What architectural innovation did ResNet introduce?	Skip connections: the input x is added directly to the block output F(x), so the network learns F(x) = H(x) - x (the residual). This prevents vanishing gradients through deep stacks.
How does ViT represent an image?	The image is split into fixed-size patches (e.g., 16x16 or 14x14 pixels), each linearly projected to a token embedding, then processed by a standard transformer encoder.
What is CLIP's pretraining objective?	Contrastive loss on 400M image-text pairs: embeddings of matched pairs are pulled together, mismatched pairs are pushed apart. This aligns vision and language feature spaces.

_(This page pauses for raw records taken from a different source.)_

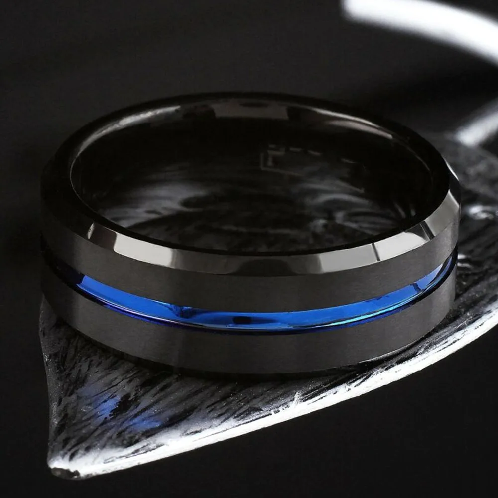 Новое модное мужское кольцо из нержавеющей стали 8 мм, розовое золото, CZ, тонкое розовое золото, леска, желоб, черное, матовый, мужское кольцо, обручальное кольцо, ювелирное изделие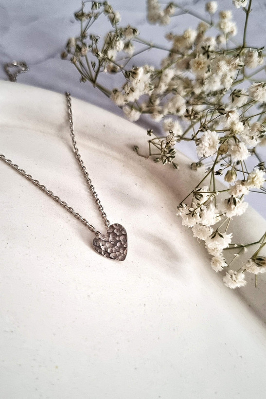 گردنبند نقره است و طول زنجیر چهل سانتی است، اندازه قلب حدودا ۱ سانت است.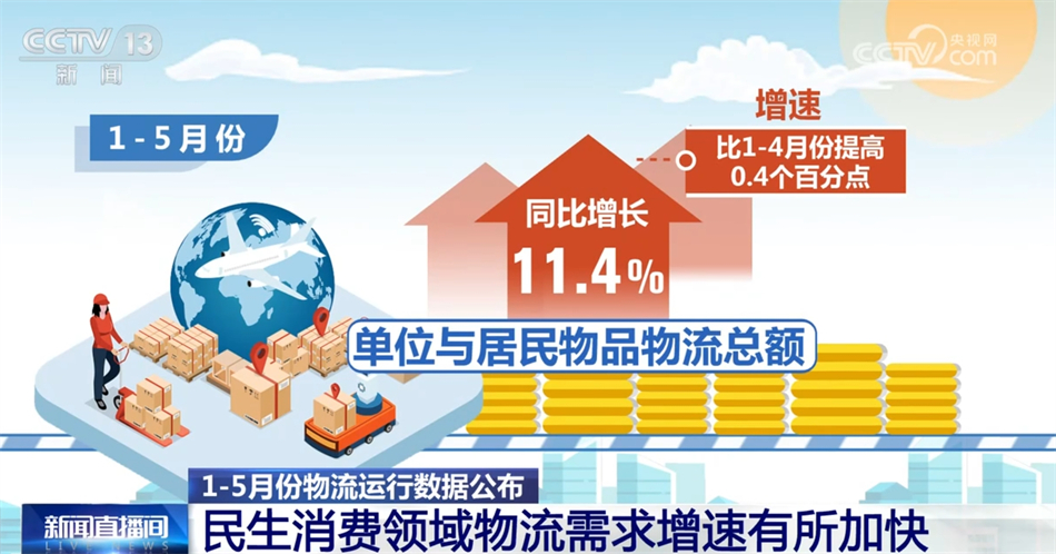 中國物流信息中心主任劉宇航表示,從1—5月我國社會(huì)物流運(yùn)行情況來看,總體還是保持穩(wěn)中向好。從消費(fèi)的情況來看,5月份以來整個(gè)消費(fèi)活力比較強(qiáng),消費(fèi)增速比較明顯。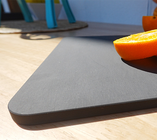 Surface douce pour les couteaux : grâce à un mélange caoutchouc + fibres, la planche offre un toucher plus souple que le plastique dur ; cela ménage le tranchant des lames et aide les couteaux à rester coupants plus longtemps.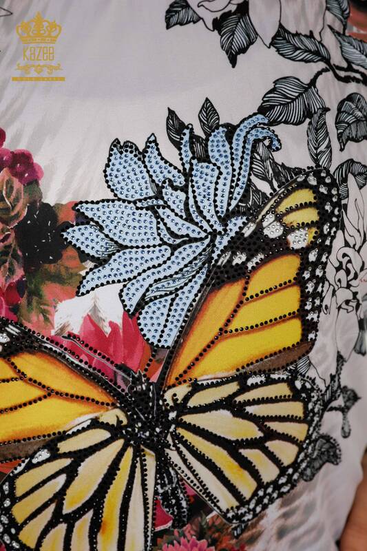 Venta al por mayor Blusa de Mujer con Estampado de Mariposas Manga Corta Bordada con Piedras Azul Marino - 12026 | kazee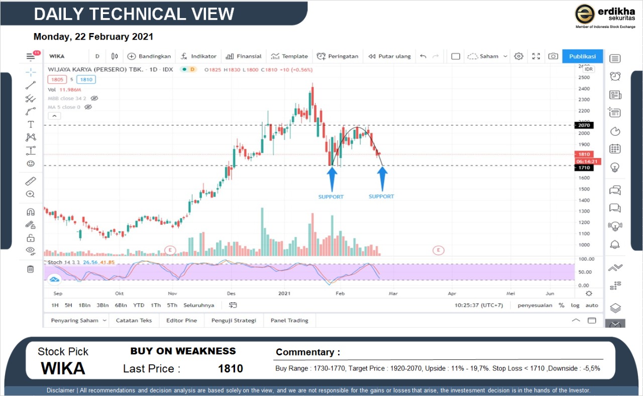 BUY ON WEAKNESS WIKA (1810). Buy Range : 1730-1770, Target Price : 1920-2070, Upside : 11% - 19,7%. Stop Loss < 1710 ,Downside : -5,5%... Read more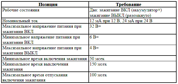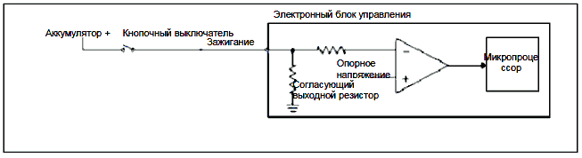 Переключаемый согласующий ввод передает сигнал зажигания на ЭБУ. Если кнопочный
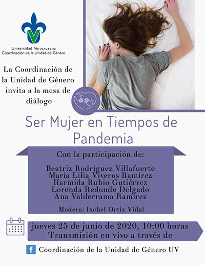 24/06/2020, Xalapa, Ver.- Ser mujer en tiempos de pandemia” es el tema de la mesa de diálogo que este jueves 25 de junio será transmitida en vivo, a partir de las 10:00 horas, en la página de Facebook de la Coordinación de la Unidad de Género de la Universidad Veracruzana (UV).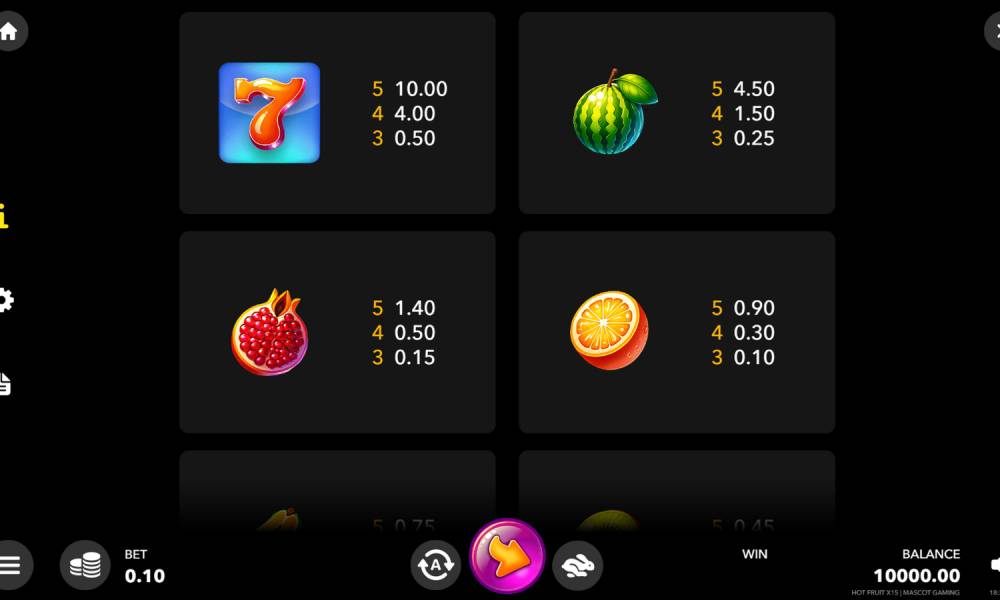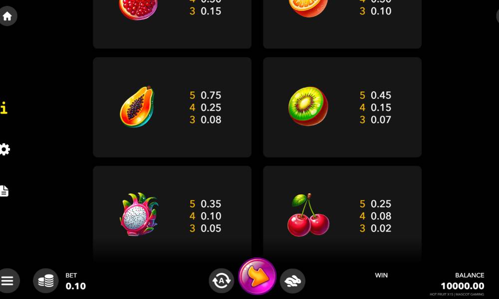 Fans of bright design will definitely love Hot Fruit x15, because the interface is colorfully designed. There are few functional elements on the screen, almost all of them are placed at the bottom. To the right of the field is drawn a board with growing Win Multiplier. The active multiplier is highlighted. All buttons are divided into 3 groups. On the bottom left there is the menu and bet change. If you click on the menu, a page with 3 sections will open: pay table, settings and general information about the slot. Below the field in the center are 3 buttons: autospins, manual start of the reels and speed up (or slow down if the reels are already spinning fast). Autospin has many settings for stopping: by the number of spins, decreasing or increasing the balance, when you get a win. In the lower right corner there is a button to turn on/off the sound, the current balance and the size of the received payout. Gambler who decided to play Hot Fruit x15, we recommend:

What does SigLIP change vs CLIP?	SigLIP replaces the softmax contrastive loss with a sigmoid loss on individual image-text pairs, eliminating the need for large-batch normalization and reducing training cost.
What pretraining data and objective does DINOv2 use?	142M curated images (LVD-142M), self-supervised learning with masked image modeling and self-distillation from a teacher ViT. No language data.
Why is DINOv2 preferred over CLIP for object localization in manipulation?	DINOv2's dense self-supervised features provide patch-level spatial precision for object boundaries and depth cues. CLIP's global contrastive objective optimizes for image-level semantics, not fine-grained spatial queries.
Which vision encoders does OpenVLA fuse?	DINOv2 ViT-B/14 (dense spatial) and SigLIP ViT-So400M (language-aligned), concatenated before the Llama 2 backbone.
What is the parameter count of OpenVLA vs RT-2-X, and how does task success compare?	OpenVLA: 7B parameters. RT-2-X: 55B parameters. OpenVLA beats RT-2-X by 16.5 percentage points absolute task success across 29 tasks.
Which vision encoder does GR00T N1.5 use?	Eagle 2.5 as the frozen VLM backbone (NVIDIA Research, June 11, 2025). Eagle 2.5 is a language-aligned vision encoder, serving the same role as SigLIP in OpenVLA.
What is a linear probe and when does it fail?	A linear probe trains only a linear classifier on top of frozen pretrained features. It fails (relative to full fine-tune) when the pretrained feature space does not separate the target classes well — common when domain shift is large (e.g., web-pretrained features on robot-camera household objects).